IPA’s weekly links

Guest post by Jeff Mosenkis of Innovations for Poverty Action.


  • IPA and the International Rescue Committee are teaming up to figure out how to reduce intimate partner violence in Liberia (where 36% of ever-partnered women have experienced physical or sexual violence in the last 12 months). We’re looking to hire a spectacular senior RA to start testing ideas from public health, psychology, and economics to see what methods work. Please see & share the full job posting here.
  • And the story of the grassroots campaign that helped elect Liberia’s first female President, Ellen Johnson Sirleaf. (h/t Rachel Strohm)
  • Chris Blattman had an open letter to Bill Gates in Vox. Gates is committed to an ambitious goal of boosting chicken ownership in sub-Saharan Africa from five to 30 percent.
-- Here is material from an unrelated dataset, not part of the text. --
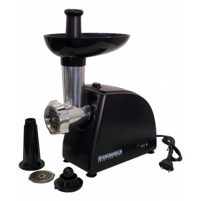 Электромясорубка Grunhelm AMG140B выполнена в стильном чёрном цвете и элегантном современном дизайне. Она будет гармонично смотреться на любой кухне. Модель оборудована двигателем максимальной мощностью 1400 Вт и способна измельчить 1,7 кг продуктов за минуту. Используя металлические решётки с диаметрами отверстий 5 и 7 мм, можно готовить фарш из мяса двух видов консистенции. Для быстрого и лёгкого приготовления домашних колбасок и кеббе имеются специальные насадки. Функция реверс предназначена для обратного выталкивания непереработанных кусков продуктов в рабочей камере, чтобы их удалить или вторично переработать. С помощью пластикового лотка и толкателя удобно и безопасно подавать подготовленные ингредиенты на измельчение. Электромясорубка Grunhelm AMG140B оснащена терморегулятором, защищающим её двигатель от перегрева.

But Chris points out that giving out livestock can be very expensive and risky, while giving out cash is cheap and effective. The crazy thing is that we don’t yet know which is better at fighting poverty, but we could find out if we wanted to.
    • I should add that my IPA colleagues are working on two efforts to find out in Ghana and Uganda.
  • Long read: Invisible Children, the group behind the viral Kony 2012 video, now operates an intelligence gathering network of radio operators in the DRC and CAR tracking the whereabouts of the Lord’s Resistance Army for military groups trying to hunt them.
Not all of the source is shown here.